Allied owns a patent directed to an interchangeable tool system that includes a jaw set couplable to a universal body. Allied’s claims require a jaw set having a pair of moveable blades pivoted together about a main pivot pin that is encased by a housing, wherein the blades are moveable relative to the housing. To decouple the jaw set, the housing can be removed from the universal body without disassembly of the pivot pin. Genesis filed a request for inter partes reexamination of Allied’s patent, arguing that it is obvious over two references, Caterpillar and Ogawa. The PTAB agreed, and Allied appealed to the Federal Circuit.
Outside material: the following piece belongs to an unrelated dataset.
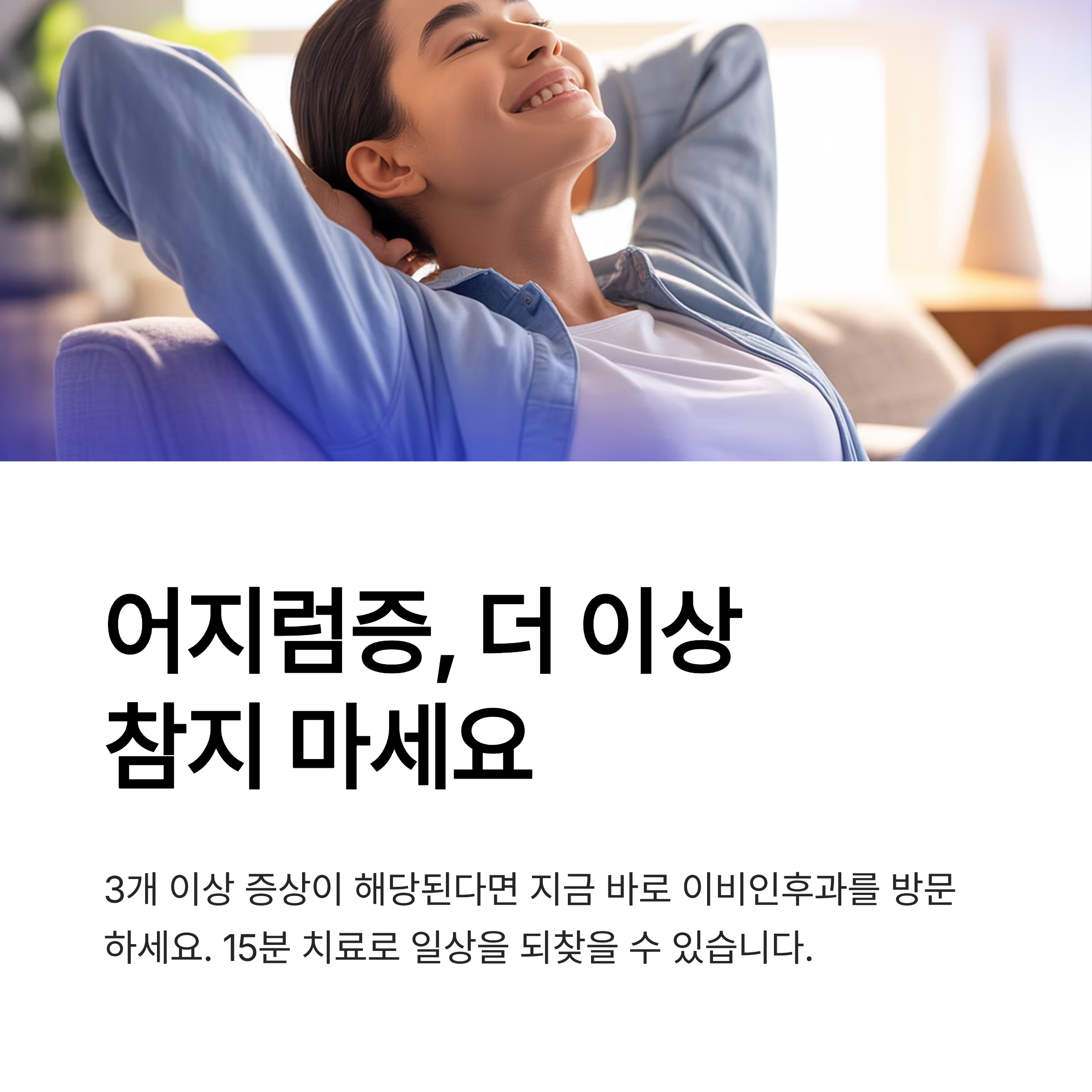 본 글은 일반적인 의학 정보 제공을 목적으로 하며, 개인의 건강 상태나 질병 진단을 대체할 수 없습니다. 어지럼증 증상이 있다면 반드시 이비인후과 전문의의 정확한 진단과 치료를 받으시기 바랍니다.

At the Federal Circuit, the issue was whether it would have been obvious to modify Caterpillar to make both blades movable as taught by Ogawa, while retaining Caterpillar’s quick-change functionality. Allied presented two distinct arguments in support of its position that the combination was not proper. First, Allied challenged the PTAB’s finding of any motivation to combine Caterpillar and Ogawa, arguing that making the proposed combination requires “a massive, nonobvious reconstruction of the device that not only changes its principle of operation, but renders the device inoperable as a result.” Second, Allied argued that Caterpillar teaches away from a combination with Ogawa.
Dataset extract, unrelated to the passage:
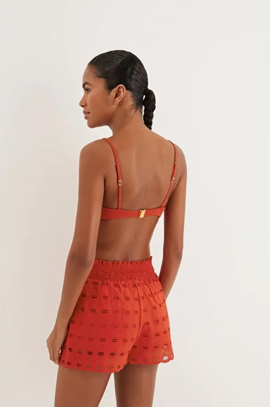 Leve e casual, o short vermelho Babi é feito de laise especial 100% algodão. Uma peça versátil para usar com seu biquini preferido, sandálias flats, bolsa de palha, chapéu e outros acessórios ViX Paula Hermanny. - Modelagem soltinha - Cintura média - Cós largo com lastex - Possui forro

With respect to the first argument, the Federal Circuit agreed with the PTAB’s reasoning, explaining that the test for obviousness is whether the claimed invention is rendered obvious by the teachings of the prior art as a whole, not whether the features of a secondary reference may be bodily incorporated into the structure of the primary reference. As such, even though modifying Caterpillar’s movable blades “may impede the quick change functionality disclosed by Caterpillar,” the Federal Circuit stated that “[a] given course of action often has simultaneous advantages and disadvantages, and this does not necessarily obviate motivation to combine.”
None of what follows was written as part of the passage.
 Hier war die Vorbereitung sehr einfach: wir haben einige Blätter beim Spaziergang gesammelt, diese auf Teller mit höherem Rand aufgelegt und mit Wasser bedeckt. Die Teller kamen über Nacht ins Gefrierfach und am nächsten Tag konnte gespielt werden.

As for the second argument, the Court concluded that Caterpillar does not expressly teach away from Ogawa. “A reference may be said to teach away when a person of ordinary skill, upon reading the reference, would be discouraged from following the path set out in the reference, or would be led in a direction divergent from the path that was taken by the applicant.” In this case, although Caterpillar criticizes a specific structure disclosed by Ogawa (the use of two separate hydraulic chambers), the criticized structure is extraneous to the proposed combination. Because Caterpillar does not criticize the actual portions used in the combination (the pivot pin attachment mechanism and two movable jaws), Alliance’s argument is not persuasive.